- EXERCISE:
Beginning with the line that holds "spring. Excellent Condition." and ending with the last line below, please copy every line exactly, add nothing, and leave out the pictures.

==== STORED DATA ====

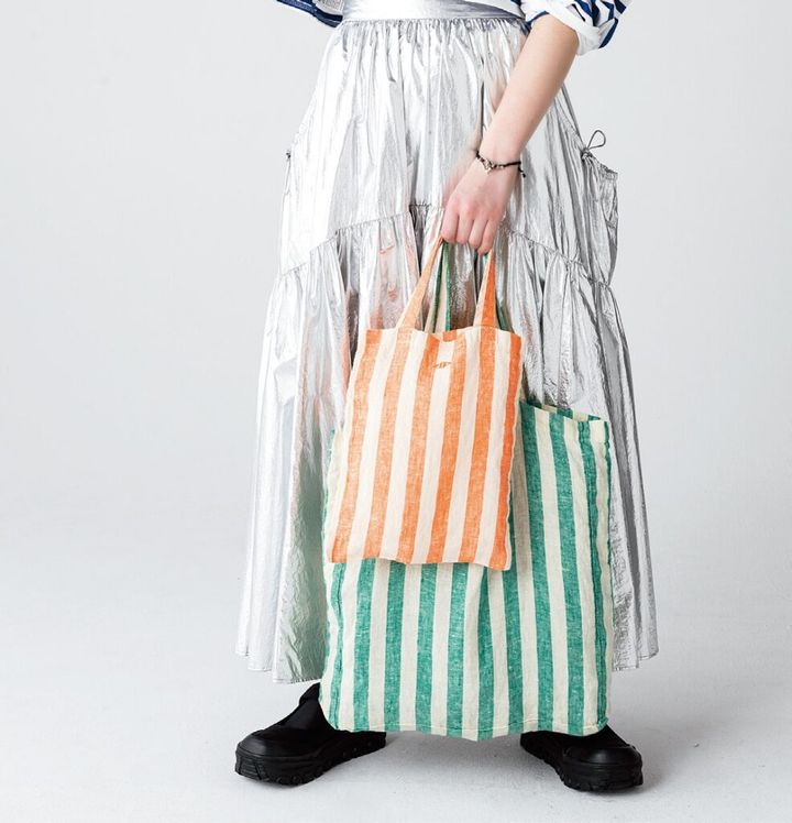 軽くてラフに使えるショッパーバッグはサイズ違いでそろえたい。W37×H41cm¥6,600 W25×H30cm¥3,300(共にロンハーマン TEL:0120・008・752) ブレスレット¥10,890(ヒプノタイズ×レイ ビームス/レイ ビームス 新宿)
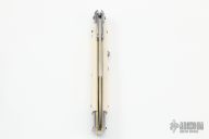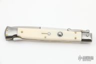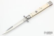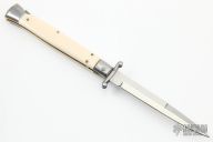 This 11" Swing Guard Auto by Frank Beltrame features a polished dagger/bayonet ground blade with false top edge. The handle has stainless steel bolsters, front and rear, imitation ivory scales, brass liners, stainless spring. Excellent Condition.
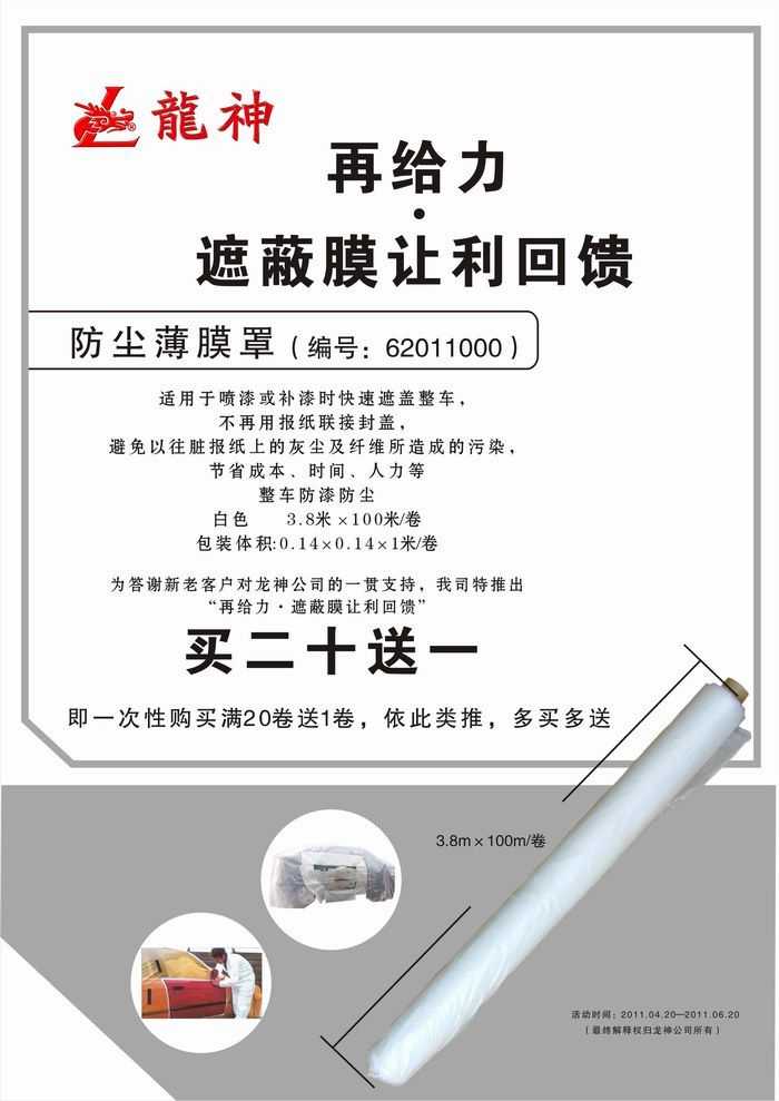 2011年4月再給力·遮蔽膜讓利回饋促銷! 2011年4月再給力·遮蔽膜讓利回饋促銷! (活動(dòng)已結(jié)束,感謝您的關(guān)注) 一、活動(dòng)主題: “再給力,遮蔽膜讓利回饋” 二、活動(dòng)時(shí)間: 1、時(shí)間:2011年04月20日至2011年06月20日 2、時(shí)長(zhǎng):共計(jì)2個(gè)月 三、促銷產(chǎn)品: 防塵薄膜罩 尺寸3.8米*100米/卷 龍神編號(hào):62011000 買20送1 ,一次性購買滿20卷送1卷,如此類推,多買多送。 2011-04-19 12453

====

- WRITTEN RESPONSE:
 This 11" Swing Guard Auto by Frank Beltrame features a polished dagger/bayonet ground blade with false top edge. The handle has stainless steel bolsters, front and rear, imitation ivory scales, brass liners, stainless spring. Excellent Condition.
 2011年4月再給力·遮蔽膜讓利回饋促銷! 2011年4月再給力·遮蔽膜讓利回饋促銷! (活動(dòng)已結(jié)束,感謝您的關(guān)注) 一、活動(dòng)主題: “再給力,遮蔽膜讓利回饋” 二、活動(dòng)時(shí)間: 1、時(shí)間:2011年04月20日至2011年06月20日 2、時(shí)長(zhǎng):共計(jì)2個(gè)月 三、促銷產(chǎn)品: 防塵薄膜罩 尺寸3.8米*100米/卷 龍神編號(hào):62011000 買20送1 ,一次性購買滿20卷送1卷,如此類推,多買多送。 2011-04-19 12453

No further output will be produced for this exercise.